▶ Instructions for the task:
Take the line that holds "3月14日20时至(zhi)3月15日20时最低(di)气温预报图。" and every line after it to the end of the entries, and repeat them exactly without the pictures.

Data extracted from a collection:
+ + + + + + +

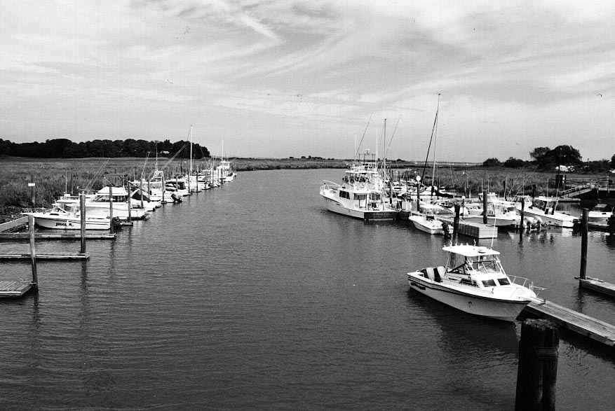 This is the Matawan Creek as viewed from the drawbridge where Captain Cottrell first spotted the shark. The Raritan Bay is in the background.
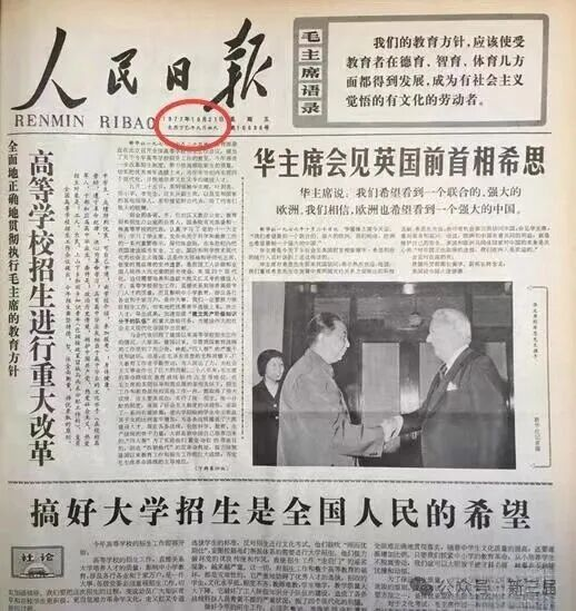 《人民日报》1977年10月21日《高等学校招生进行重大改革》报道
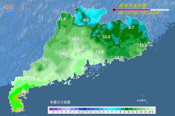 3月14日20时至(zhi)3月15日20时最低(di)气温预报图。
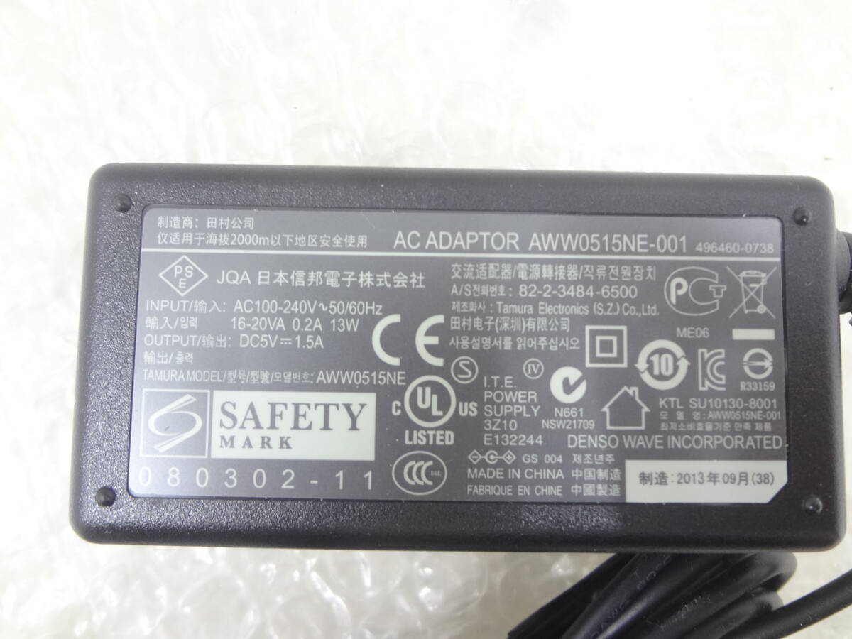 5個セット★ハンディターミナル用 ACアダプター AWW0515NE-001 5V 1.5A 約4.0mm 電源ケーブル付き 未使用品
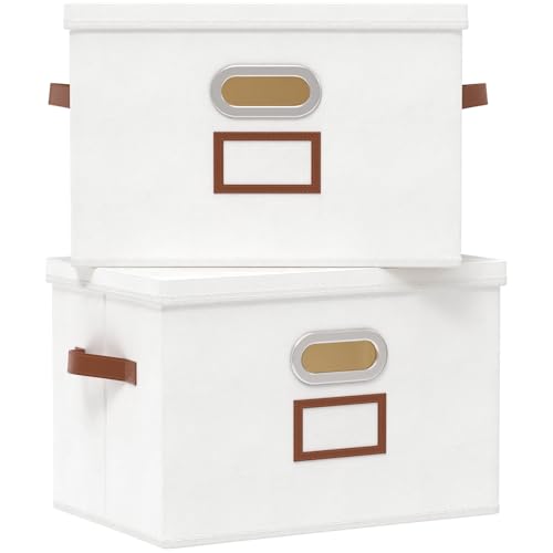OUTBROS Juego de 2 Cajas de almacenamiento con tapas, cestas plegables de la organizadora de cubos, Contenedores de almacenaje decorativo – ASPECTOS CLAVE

+ + + + + + +

▶ Response area:
 3月14日20时至(zhi)3月15日20时最低(di)气温预报图。
 5個セット★ハンディターミナル用 ACアダプター AWW0515NE-001 5V 1.5A 約4.0mm 電源ケーブル付き 未使用品
OUTBROS Juego de 2 Cajas de almacenamiento con tapas, cestas plegables de la organizadora de cubos, Contenedores de almacenaje decorativo – ASPECTOS CLAVE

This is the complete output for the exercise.